__DIRECTIONS FOR THIS TASK__:
Copy exactly the lines of the material below that fall between the line with "Underneath the moonphase" and the line with "Kit Com 09 Panos", both of those lines included; pictures stay out.
:: GIVEN INFORMATION ::
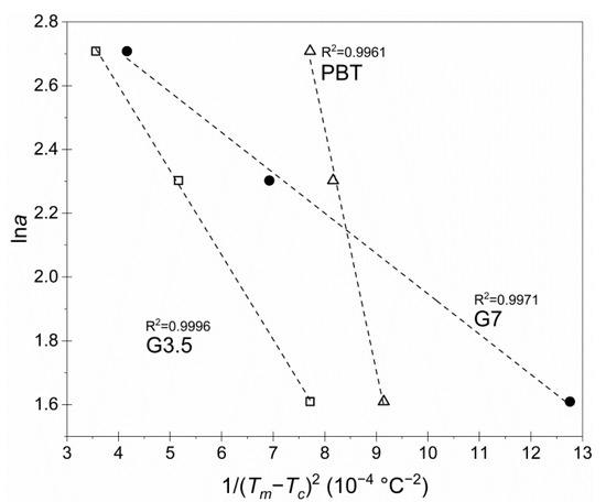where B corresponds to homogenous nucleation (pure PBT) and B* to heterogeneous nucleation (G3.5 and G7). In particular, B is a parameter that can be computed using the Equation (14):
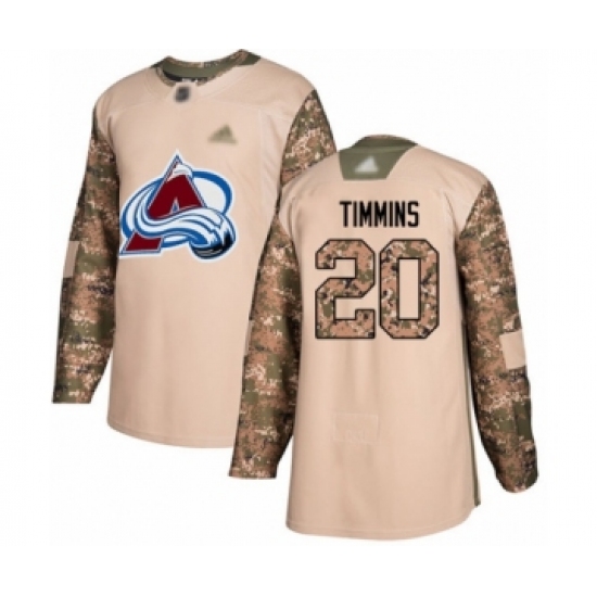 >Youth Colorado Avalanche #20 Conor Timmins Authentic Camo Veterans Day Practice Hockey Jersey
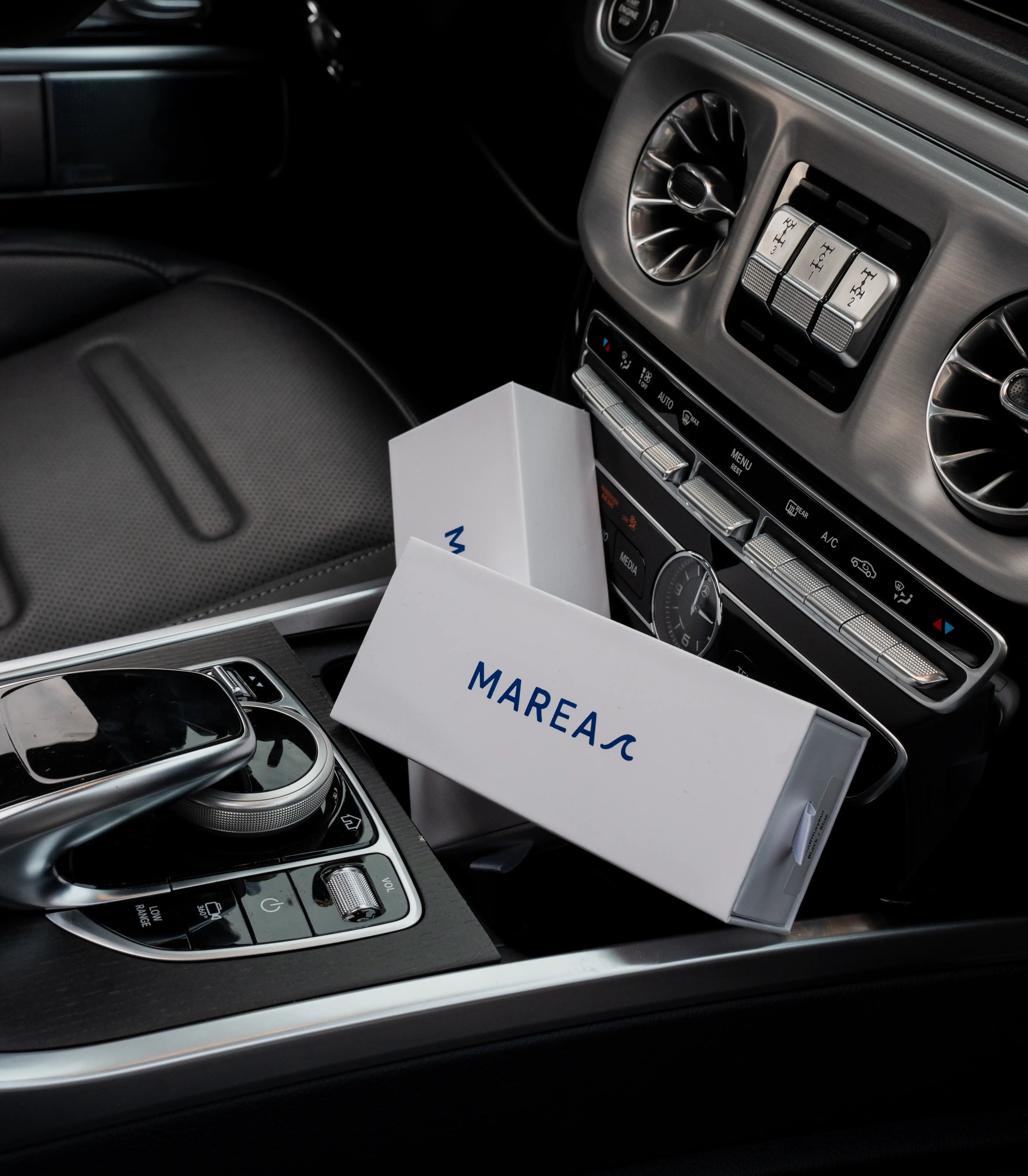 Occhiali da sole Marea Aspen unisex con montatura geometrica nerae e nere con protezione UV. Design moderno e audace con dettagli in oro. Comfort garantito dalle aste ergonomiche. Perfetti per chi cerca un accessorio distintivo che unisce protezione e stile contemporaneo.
:::
:: GIVEN INFORMATION ::
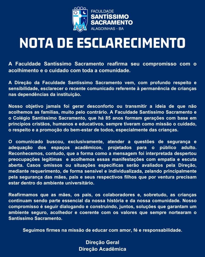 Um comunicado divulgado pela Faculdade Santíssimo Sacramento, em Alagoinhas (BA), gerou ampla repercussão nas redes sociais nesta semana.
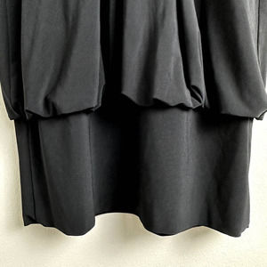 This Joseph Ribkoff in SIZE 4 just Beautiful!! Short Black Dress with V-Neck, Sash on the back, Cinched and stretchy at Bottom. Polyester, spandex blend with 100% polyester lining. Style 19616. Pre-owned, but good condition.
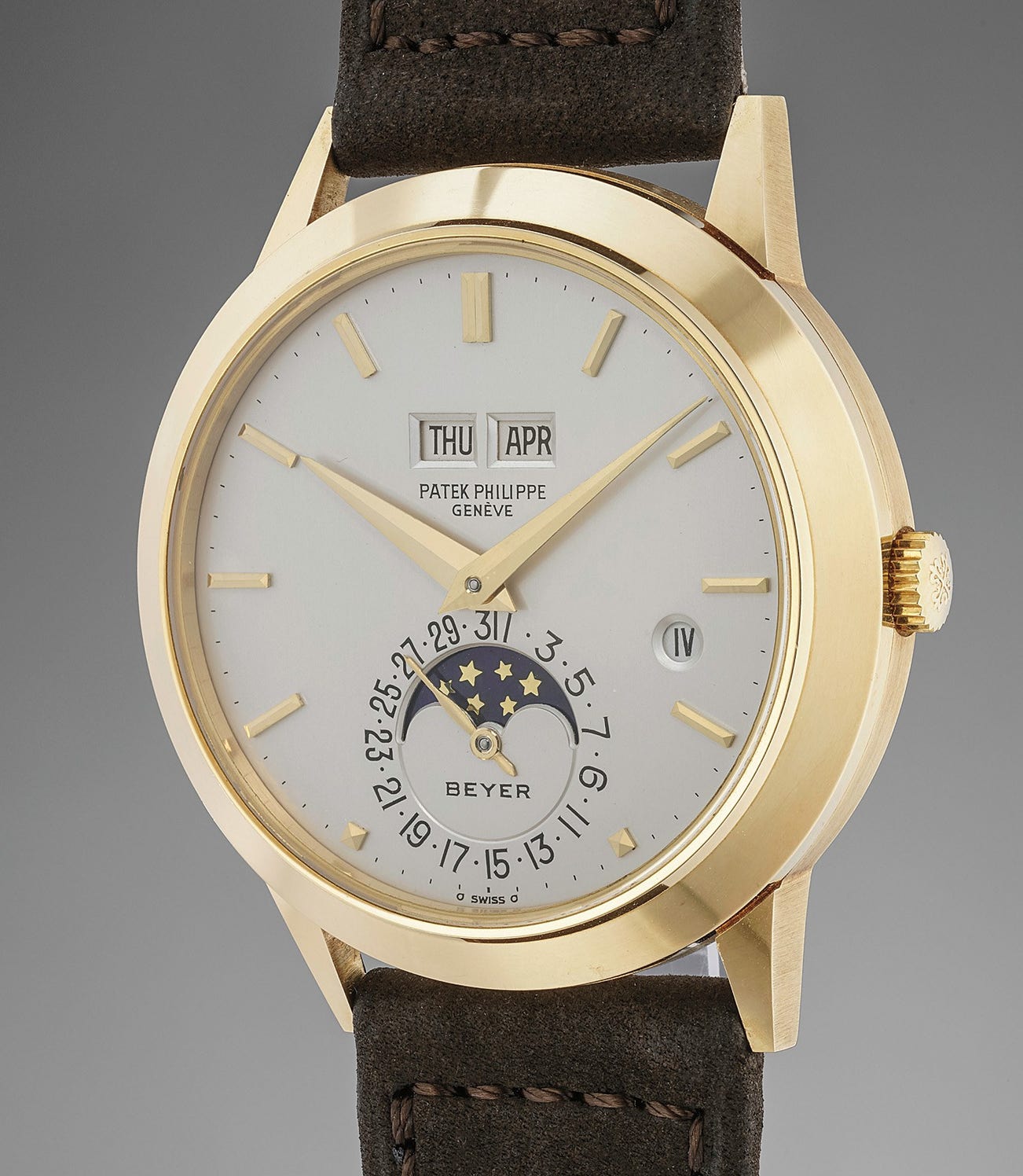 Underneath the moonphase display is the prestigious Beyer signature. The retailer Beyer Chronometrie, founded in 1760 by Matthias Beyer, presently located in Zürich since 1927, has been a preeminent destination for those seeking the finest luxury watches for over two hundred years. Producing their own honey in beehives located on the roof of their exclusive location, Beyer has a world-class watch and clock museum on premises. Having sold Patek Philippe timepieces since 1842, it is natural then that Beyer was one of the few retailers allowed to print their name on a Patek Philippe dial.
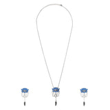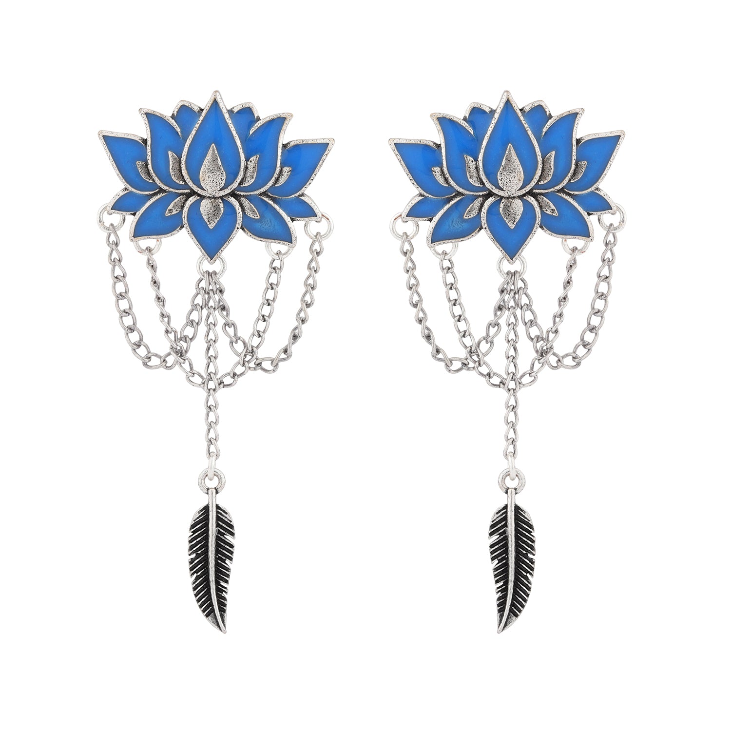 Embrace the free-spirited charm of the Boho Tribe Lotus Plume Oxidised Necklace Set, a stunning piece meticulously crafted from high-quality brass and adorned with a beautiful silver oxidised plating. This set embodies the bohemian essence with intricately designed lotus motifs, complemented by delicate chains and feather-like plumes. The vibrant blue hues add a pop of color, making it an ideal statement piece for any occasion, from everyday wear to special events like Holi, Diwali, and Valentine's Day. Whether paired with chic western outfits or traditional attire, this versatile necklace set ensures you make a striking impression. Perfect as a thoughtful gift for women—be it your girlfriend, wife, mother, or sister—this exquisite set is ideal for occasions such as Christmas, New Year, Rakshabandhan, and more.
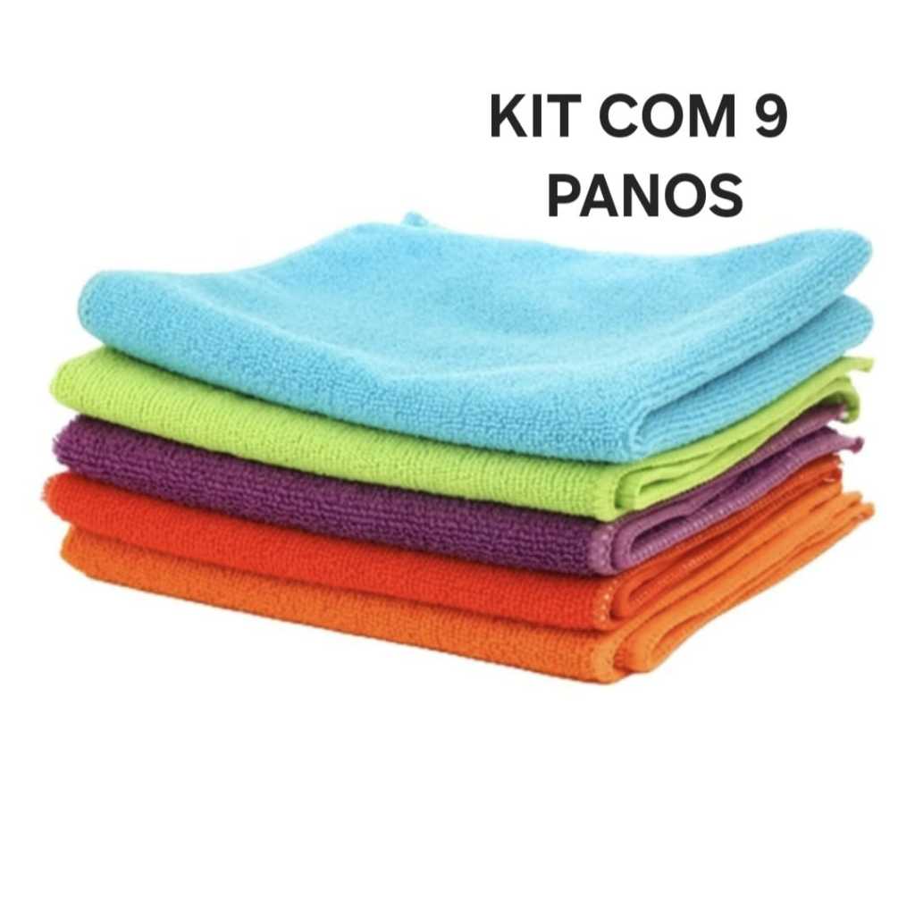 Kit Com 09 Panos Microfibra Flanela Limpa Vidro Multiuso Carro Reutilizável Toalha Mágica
:::
__REPLY__:
 Underneath the moonphase display is the prestigious Beyer signature. The retailer Beyer Chronometrie, founded in 1760 by Matthias Beyer, presently located in Zürich since 1927, has been a preeminent destination for those seeking the finest luxury watches for over two hundred years. Producing their own honey in beehives located on the roof of their exclusive location, Beyer has a world-class watch and clock museum on premises. Having sold Patek Philippe timepieces since 1842, it is natural then that Beyer was one of the few retailers allowed to print their name on a Patek Philippe dial.
 Embrace the free-spirited charm of the Boho Tribe Lotus Plume Oxidised Necklace Set, a stunning piece meticulously crafted from high-quality brass and adorned with a beautiful silver oxidised plating. This set embodies the bohemian essence with intricately designed lotus motifs, complemented by delicate chains and feather-like plumes. The vibrant blue hues add a pop of color, making it an ideal statement piece for any occasion, from everyday wear to special events like Holi, Diwali, and Valentine's Day. Whether paired with chic western outfits or traditional attire, this versatile necklace set ensures you make a striking impression. Perfect as a thoughtful gift for women—be it your girlfriend, wife, mother, or sister—this exquisite set is ideal for occasions such as Christmas, New Year, Rakshabandhan, and more.
 Kit Com 09 Panos Microfibra Flanela Limpa Vidro Multiuso Carro Reutilizável Toalha Mágica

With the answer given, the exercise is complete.